● TASK STATEMENT
Repeat only the lines below from the one that contains "Obudowa kolumny wykonana" through the final line, exactly. Omit pictures.

● SUPPLIED MATERIAL

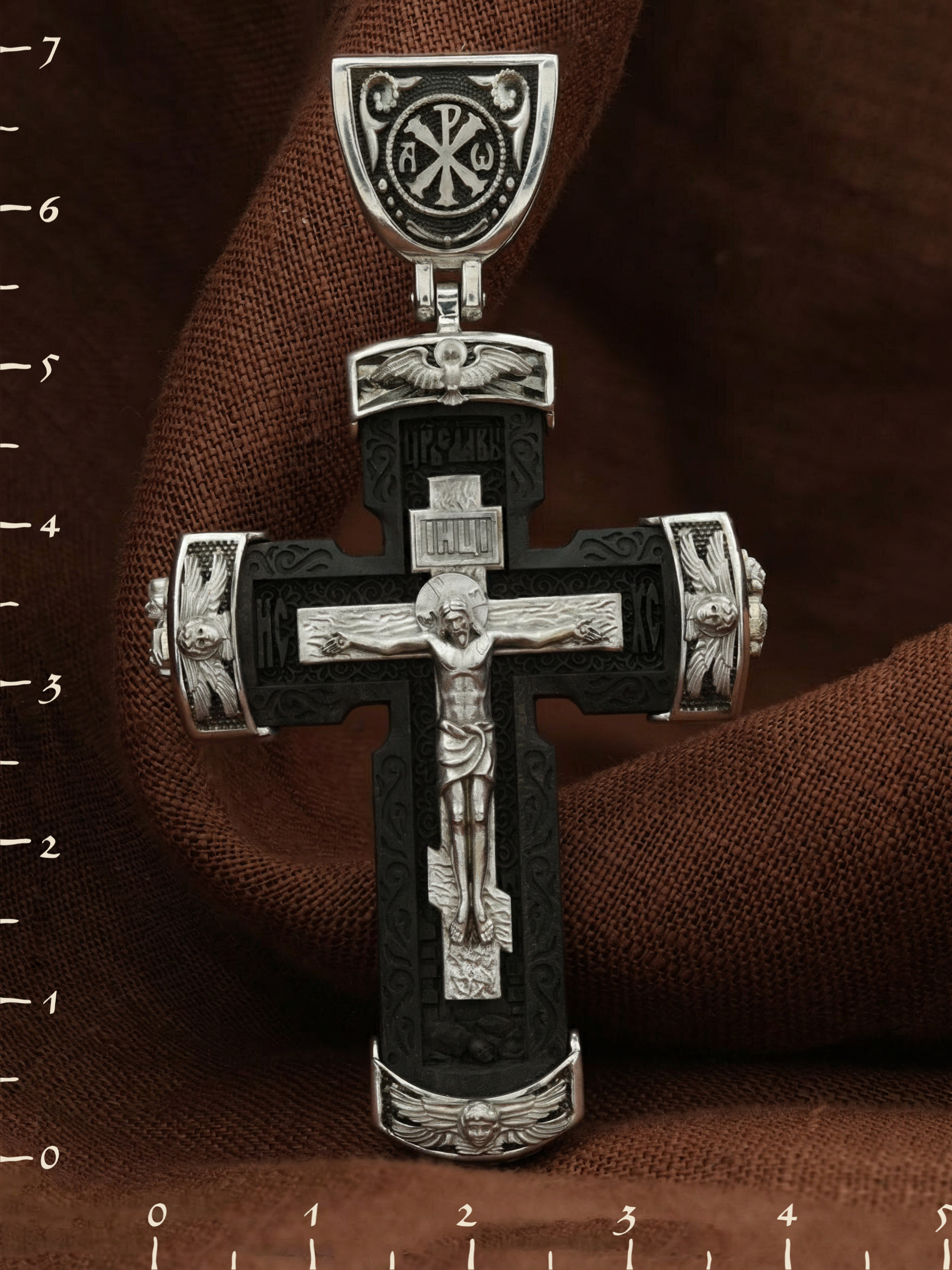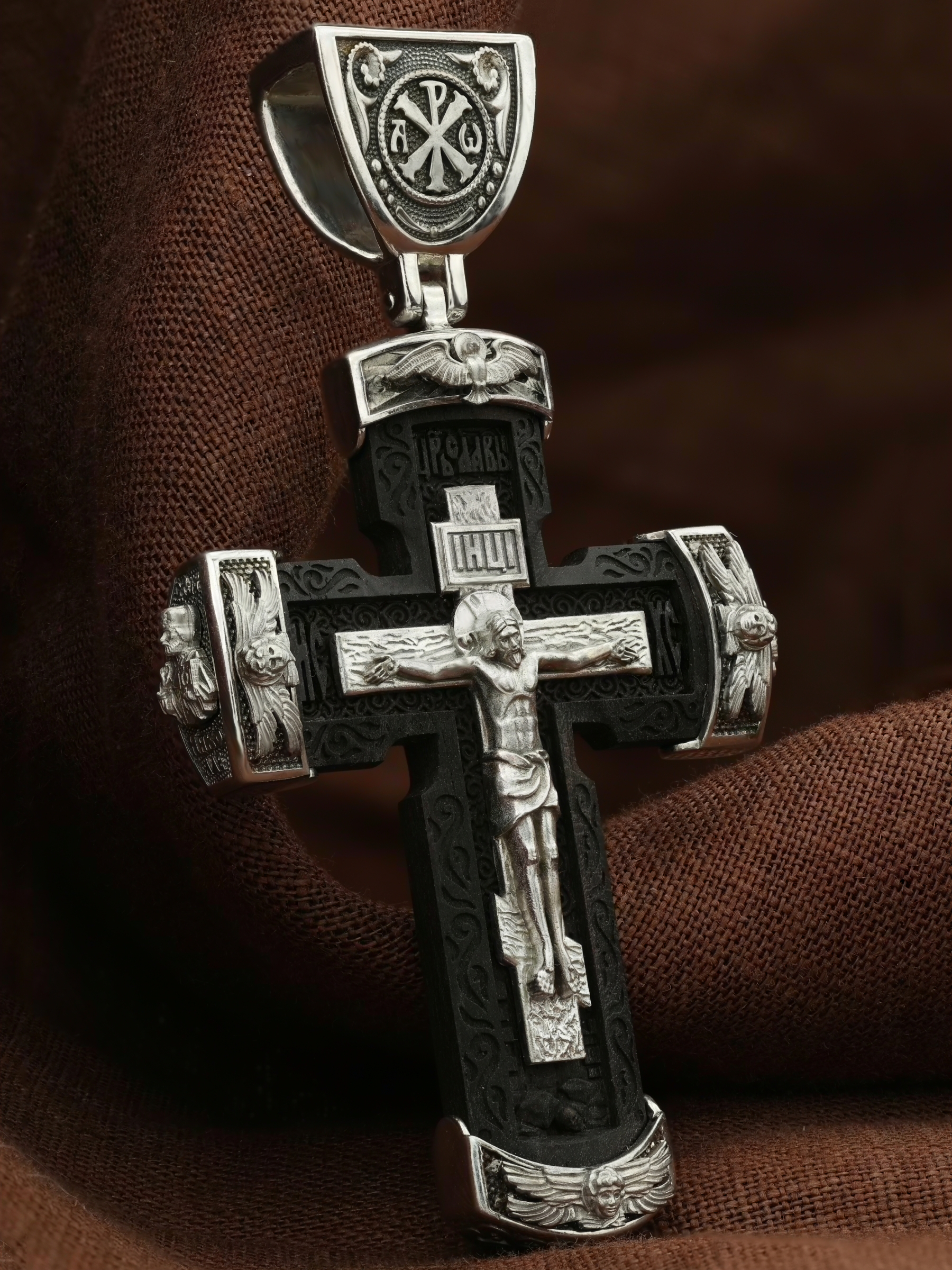 На лицевой стороне креста изображено Распятие, потому что это орудие казни Иисус Христос сделал орудием победы над грехом и смертью. Своими страданиями Он искупил грехи человечества, умерев и сошествовав во ад, победил сатану, освободил души праведников от вечной смерти и открыл им небесные врата рая. Жертва Христа сделала возможным спасение для каждого человека. На православном кресте Христос не умирает, а свободно простирает руки, ладони Иисуса открыты, будто он хочет обнять все человечество, даря им свою любовь и открывая путь к вечной жизни.
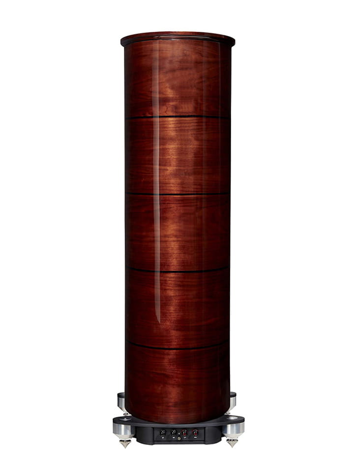 Obudowa kolumny wykonana została z najwyższej jakości naturalnego drewna orzechowego, wykończonego na wysoki połysk (Walnut High Gloss). Ręcznie dopracowane panele frontowe i górne tworzą wrażenie luksusu i solidności. Imponujący cokół nie tylko dodaje elegancji, ale także zwiększa stabilność i izolację od podłoża, wpływając pozytywnie na brzmienie.
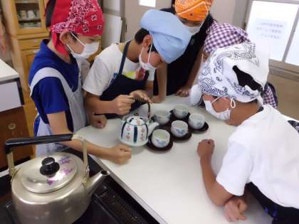 急須を使って,人数分のお茶を入れました。
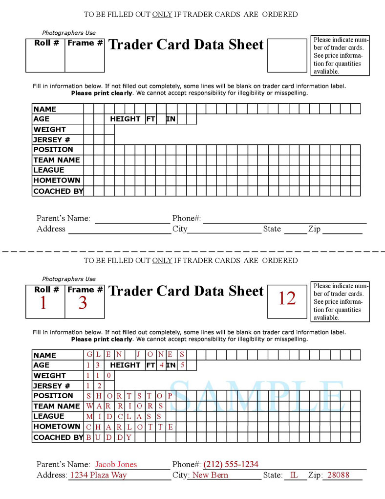 Trader Card Data Sheet
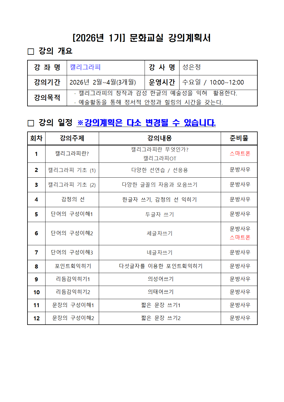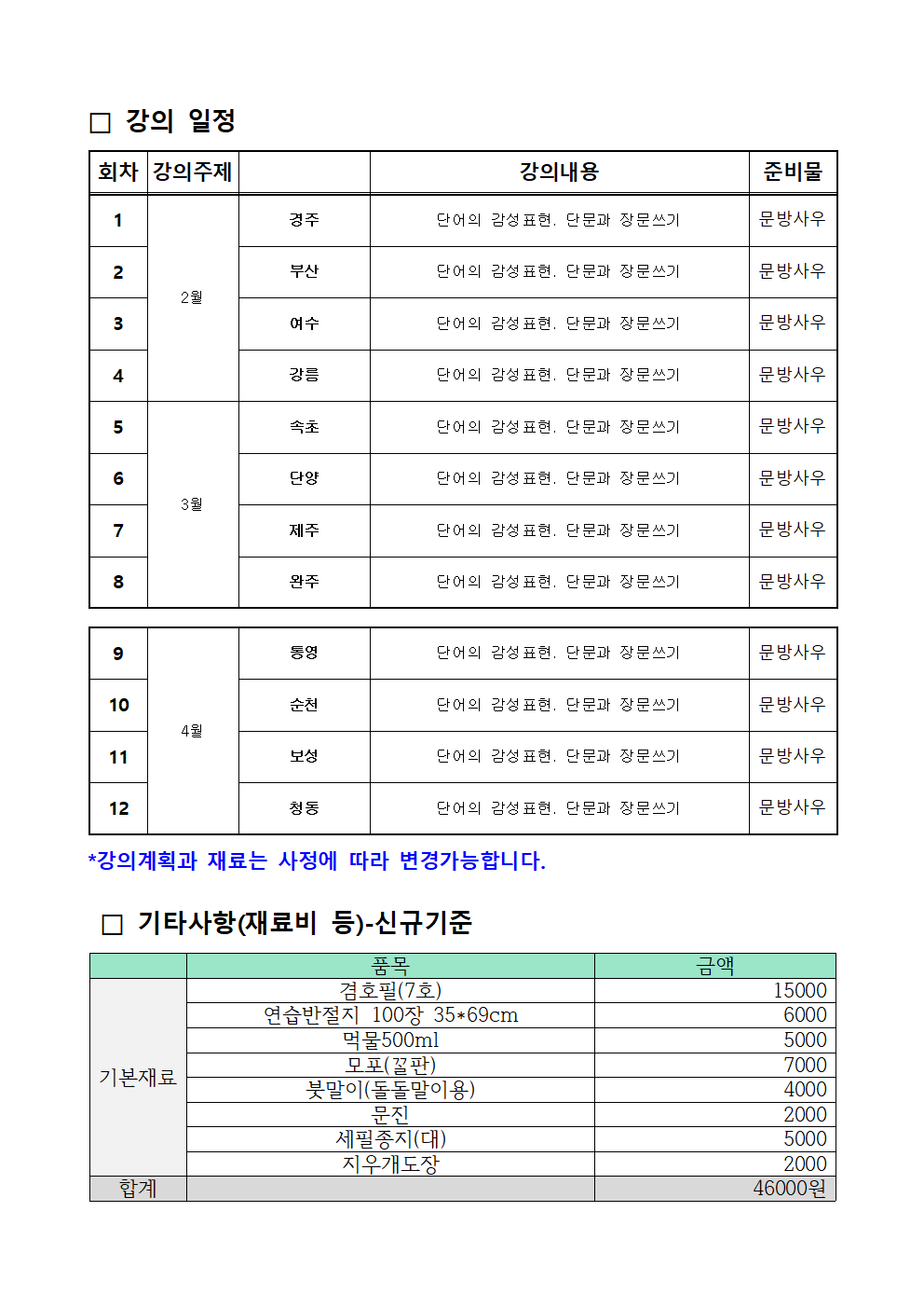 1. 월 4회 수업입니다. (회차가 줄어들 시 보충 강의 실시)
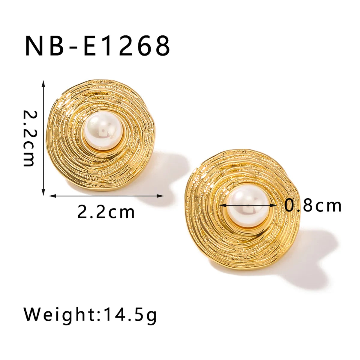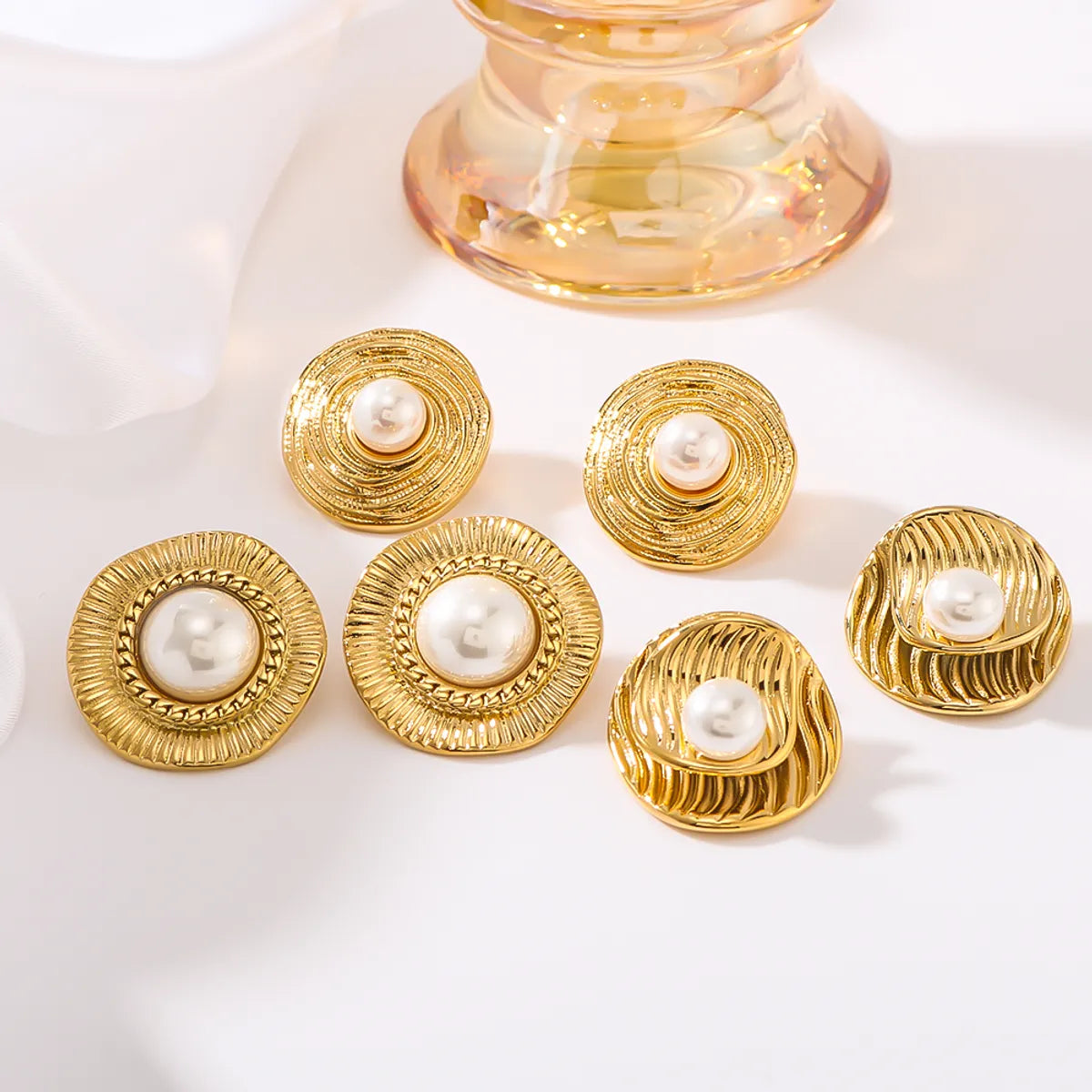 1 Pair Elegant Romantic Round Plating Inlay 304 Stainless Steel Artificial Pearls 18K Gold Plated Ear Studs

● ANSWER BOX
 Obudowa kolumny wykonana została z najwyższej jakości naturalnego drewna orzechowego, wykończonego na wysoki połysk (Walnut High Gloss). Ręcznie dopracowane panele frontowe i górne tworzą wrażenie luksusu i solidności. Imponujący cokół nie tylko dodaje elegancji, ale także zwiększa stabilność i izolację od podłoża, wpływając pozytywnie na brzmienie.
 急須を使って,人数分のお茶を入れました。
 Trader Card Data Sheet
 1. 월 4회 수업입니다. (회차가 줄어들 시 보충 강의 실시)
 1 Pair Elegant Romantic Round Plating Inlay 304 Stainless Steel Artificial Pearls 18K Gold Plated Ear Studs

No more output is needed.